▸ **The data**:
___

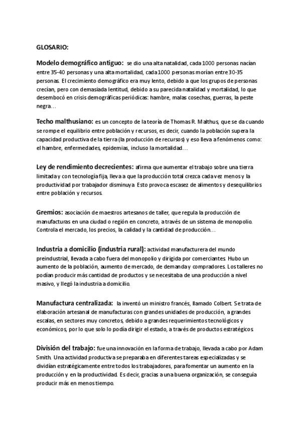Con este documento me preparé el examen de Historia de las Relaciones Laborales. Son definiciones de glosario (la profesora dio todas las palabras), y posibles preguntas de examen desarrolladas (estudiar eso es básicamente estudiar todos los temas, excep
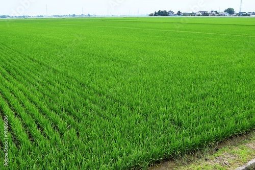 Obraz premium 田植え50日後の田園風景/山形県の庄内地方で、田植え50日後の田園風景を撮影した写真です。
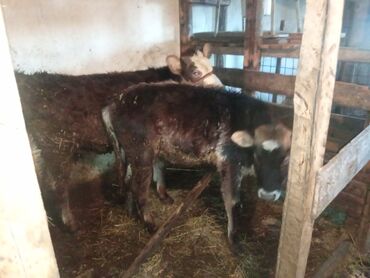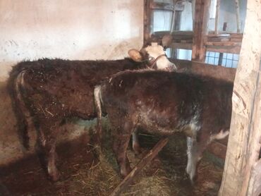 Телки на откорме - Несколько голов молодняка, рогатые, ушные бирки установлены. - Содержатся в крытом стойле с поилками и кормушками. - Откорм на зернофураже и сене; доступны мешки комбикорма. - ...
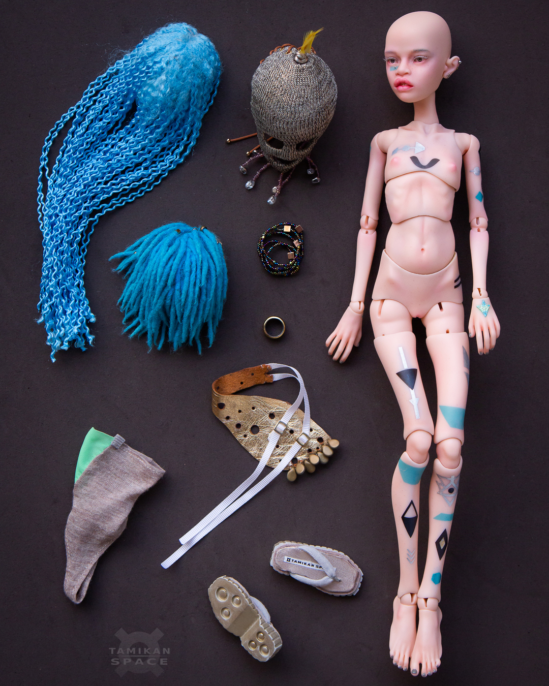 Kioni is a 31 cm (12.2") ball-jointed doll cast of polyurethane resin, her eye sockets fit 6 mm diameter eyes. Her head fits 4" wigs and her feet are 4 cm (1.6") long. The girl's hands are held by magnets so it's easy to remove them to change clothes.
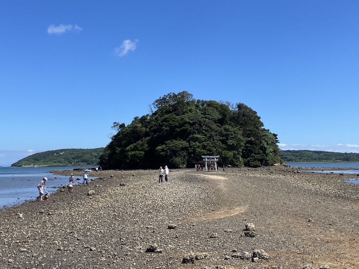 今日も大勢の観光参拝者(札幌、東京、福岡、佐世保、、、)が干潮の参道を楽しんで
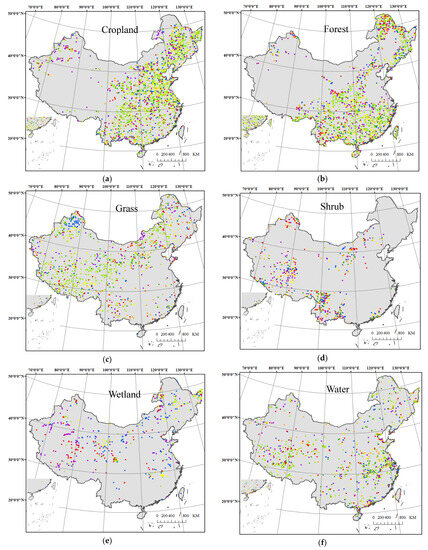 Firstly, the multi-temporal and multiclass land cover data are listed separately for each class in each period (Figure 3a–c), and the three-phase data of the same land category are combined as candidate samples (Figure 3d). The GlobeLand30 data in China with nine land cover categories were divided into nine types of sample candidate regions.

___

▸ **What this task involves**:
Copy the lines above exactly and exclude every image.

▸ **Solution to this problem**:
Con este documento me preparé el examen de Historia de las Relaciones Laborales. Son definiciones de glosario (la profesora dio todas las palabras), y posibles preguntas de examen desarrolladas (estudiar eso es básicamente estudiar todos los temas, excep
 Obraz premium 田植え50日後の田園風景/山形県の庄内地方で、田植え50日後の田園風景を撮影した写真です。
 Телки на откорме - Несколько голов молодняка, рогатые, ушные бирки установлены. - Содержатся в крытом стойле с поилками и кормушками. - Откорм на зернофураже и сене; доступны мешки комбикорма. - ...
 Kioni is a 31 cm (12.2") ball-jointed doll cast of polyurethane resin, her eye sockets fit 6 mm diameter eyes. Her head fits 4" wigs and her feet are 4 cm (1.6") long. The girl's hands are held by magnets so it's easy to remove them to change clothes.
 今日も大勢の観光参拝者(札幌、東京、福岡、佐世保、、、)が干潮の参道を楽しんで
 Firstly, the multi-temporal and multiclass land cover data are listed separately for each class in each period (Figure 3a–c), and the three-phase data of the same land category are combined as candidate samples (Figure 3d). The GlobeLand30 data in China with nine land cover categories were divided into nine types of sample candidate regions.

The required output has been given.